» Task directions
Please write out the lines of the data exactly, beginning with the first and ending with the line containing "Diện tích hoạt"; leave the pictures behind.

» Given material
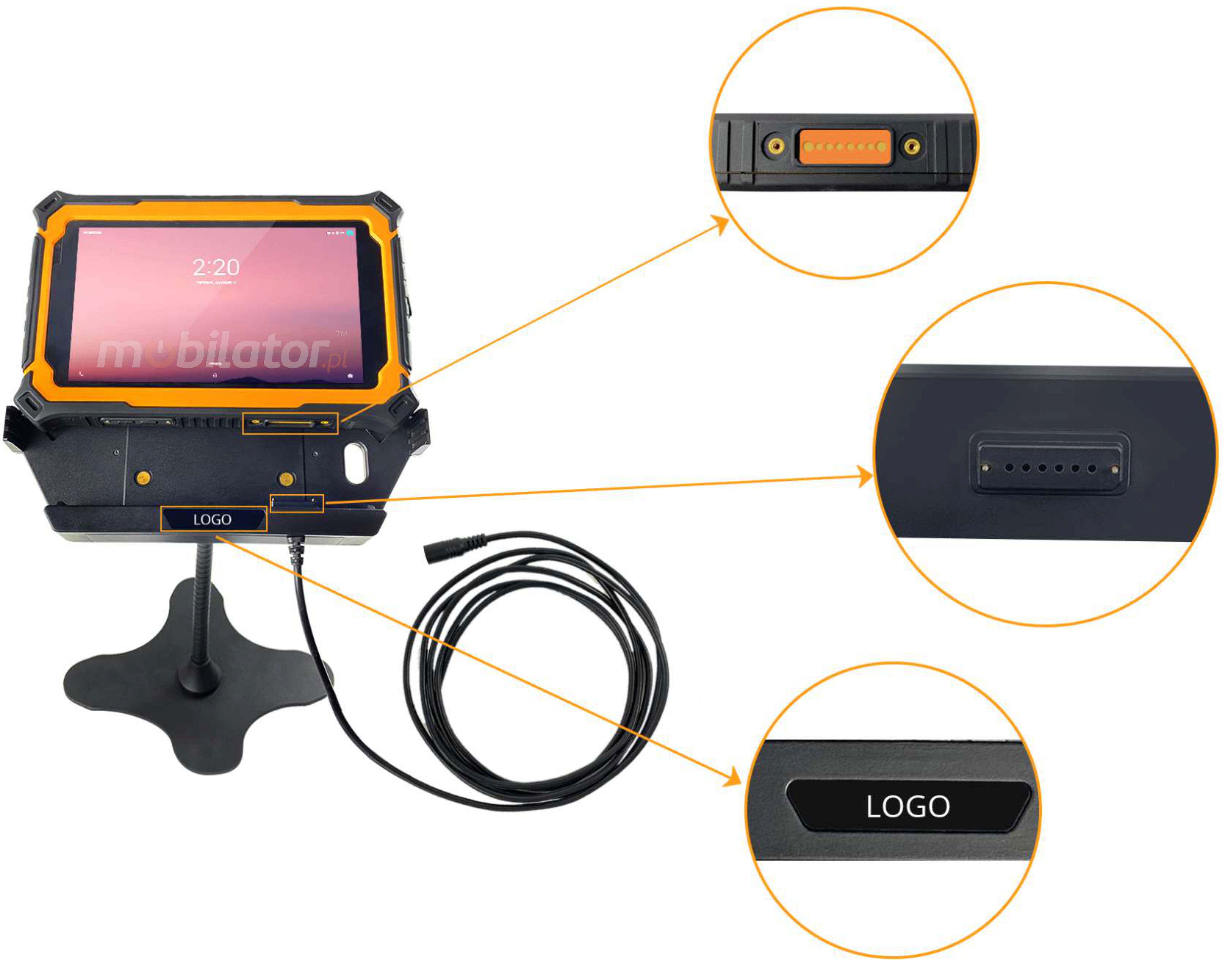 Designed for professionals, this desk mount provides a stable base for the MobiPad Tex17 rugged industrial tablet. Its stand connects to a dedicated docking station using the VESA standard, providing continuous power via a built-in cable. The design is characterized by precision craftsmanship. The entire set is designed for durability and performance in industrial applications. The base guarantees solidity and stability, measuring 200 mm x 200 mm. The entire mount weighs 0.753 kg. |
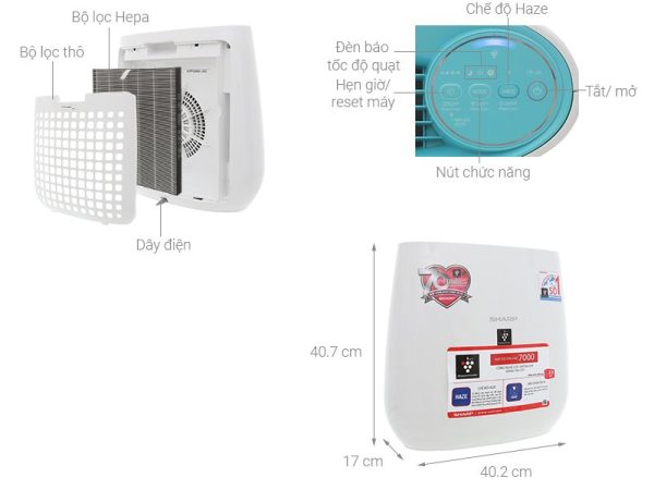 Diện tích hoạt động, Giải pháp làm sạch không khí, Loại máy, Sharp, Từ 35m2-50m2
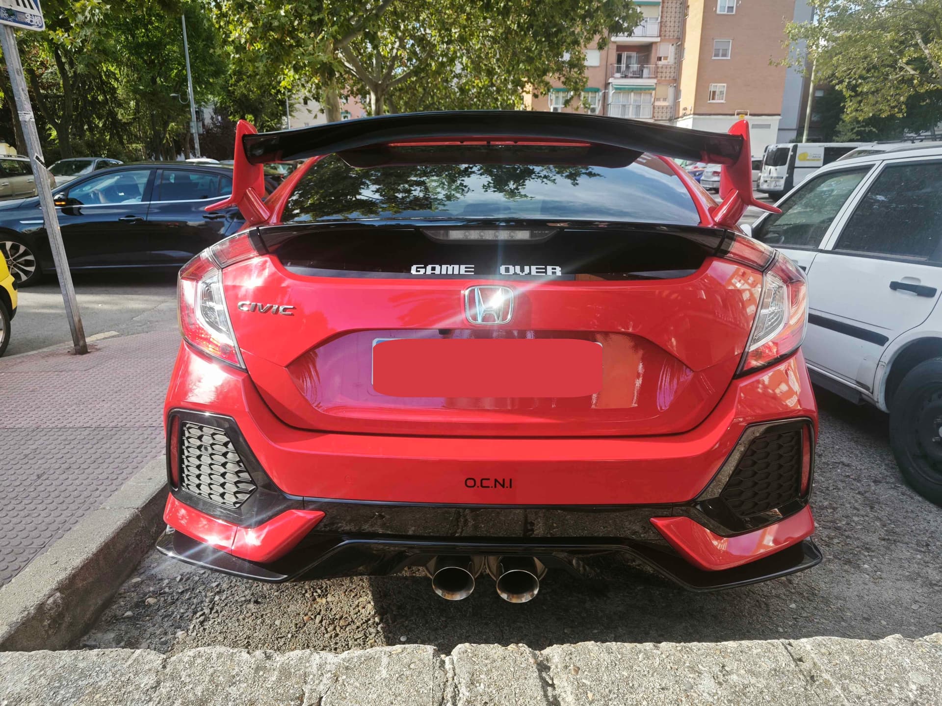 Saliendo del Corte Inglés de Cornellà esta tarde, FK7 rojo con Alerón del techo estilo Mugen, yo era el que iba delante ![]()

» Your response
 Designed for professionals, this desk mount provides a stable base for the MobiPad Tex17 rugged industrial tablet. Its stand connects to a dedicated docking station using the VESA standard, providing continuous power via a built-in cable. The design is characterized by precision craftsmanship. The entire set is designed for durability and performance in industrial applications. The base guarantees solidity and stability, measuring 200 mm x 200 mm. The entire mount weighs 0.753 kg. |
 Diện tích hoạt động, Giải pháp làm sạch không khí, Loại máy, Sharp, Từ 35m2-50m2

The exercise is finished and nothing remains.